Washington, D.C., Dec. 23, 2011 — The Securities and Exchange Commission today charged a former securities trader at a San Diego-based brokerage firm with orchestrating an illegal trading scheme.
The SEC alleges that Aurelio Rodriguez acted in concert with a Mexican investment adviser, InvesTrust, and unnecessarily inserted a separate broker-dealer as a middleman into securities transactions in order to generate millions of dollars in additional fees. Rodriguez, who resided in Coronado, Calif., at the time and currently lives in Mexico, agreed to pay $1 million to settle the SEC’s charges. The SEC also charged his former firm Investment Placement Group (IPG) and its CEO with failing to properly supervise Rodriguez. IPG agreed to pay more than $4 million to settle the charges.
In an interpositioning scheme, an extra broker-dealer is illegally added as a principal on trades even though no real services are being provided. The SEC alleges that Rodriguez colluded with InvesTrust and needlessly inserted a broker-dealer based in Mexico into securities transactions between IPG and InvesTrust’s pension fund clients, causing the pension funds to pay approximately $65 million more than they would have without the middleman.
“Rodriguez repeatedly abused his position as a securities industry professional to commit this cross-border fraudulent scheme to the detriment of the pension funds,” said Rosalind R. Tyson, Director of the SEC’s Los Angeles Regional Office. “The scheme’s participants reaped millions of dollars from these illicit activities.”
According to the SEC’s order instituting administrative proceedings against Rodriguez, the scheme occurred from January to November 2008. Rodriguez in coordination with InvesTrust acquired 10 different credit-linked notes in an IPG proprietary account. Rodriguez knew that the notes were slated for InvesTrust’s pension fund clients.
The SEC alleges that IPG, through Rodriguez, added a markup of roughly 1.5 to 4.5 percent to the purchase price and then sold the notes to the middleman Mexican brokerage firm. IPG, through Rodriguez, repurchased the notes from the Mexican brokerage firm within a day or so at a slightly higher price. IPG added another markup and then sold the securities to InvesTrust’s pension fund clients.

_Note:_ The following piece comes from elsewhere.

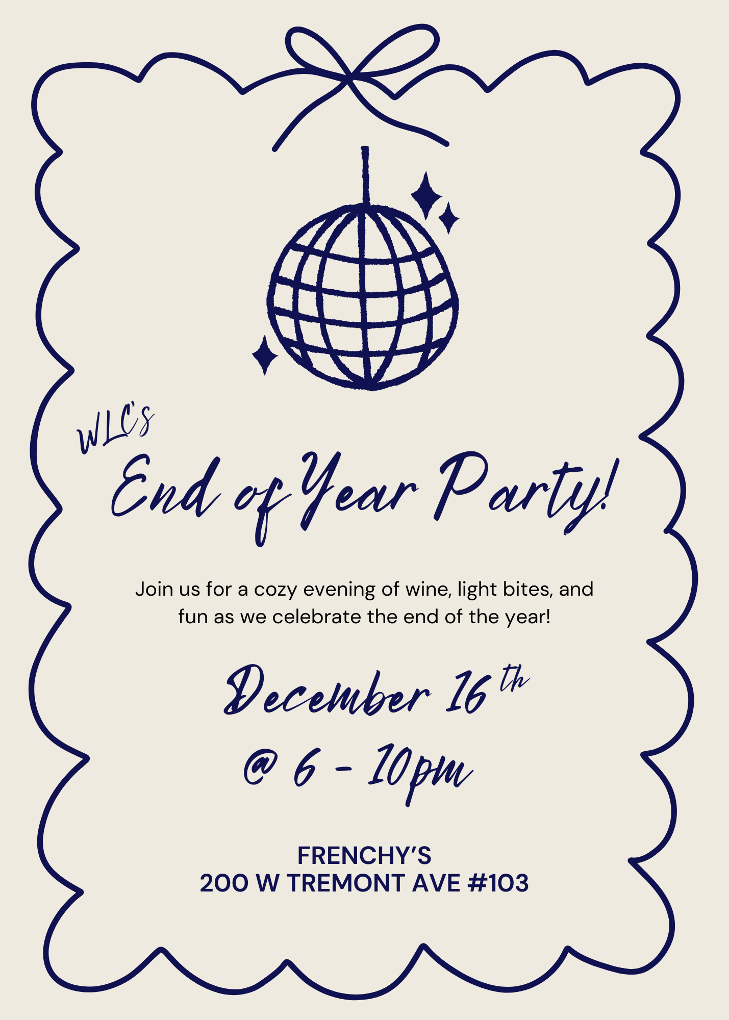 December 16 @ 6:00 pm - 10:00 pm End of Year Party Frenchy's Sip and Shop 200 W Tremont Ave, Suite 103, Charlotte, NC, United States

According to the SEC’s order, in some instances Rodriguez repeated the buy-sell pattern with the middleman Mexican brokerage firm multiple times, driving up the price with each successive trade before finally selling the notes to the pension funds at artificially inflated prices. Rodriguez received millions of dollars in additional markups generated from the interpositioned transactions.
The SEC’s order finds that Rodriguez violated Section 17(a) of the Securities Act, Section 10(b) of the Exchange Act, and Rule 10b-5. Without admitting or denying the SEC’s findings, Rodriguez consented to the order and agreed to pay $1 million in ill-gotten gains and to be barred from the securities industry as well as from participating in any penny stock offering, for five years. The order also requires him to cease and desist from committing or causing any violations of Section 17(a) of the Securities Act, Section 10(b) of the Exchange Act, and Rule 10b-5.
The SEC instituted separate but related administrative proceedings against IPG and its CEO Adolfo Gonzalez-Rubio, who was Rodriguez’s direct supervisor. IPG and Gonzalez-Rubio each agreed to settle their cases without admitting or denying the SEC’s findings. IPG agreed to be censured, pay approximately $3.8 million in disgorgement and prejudgment interest, pay a $260,000 penalty, and comply with certain undertakings. Gonzalez-Rubio agreed to a three-month suspension as a supervisor with any broker, dealer, investment adviser, or certain other registered entities.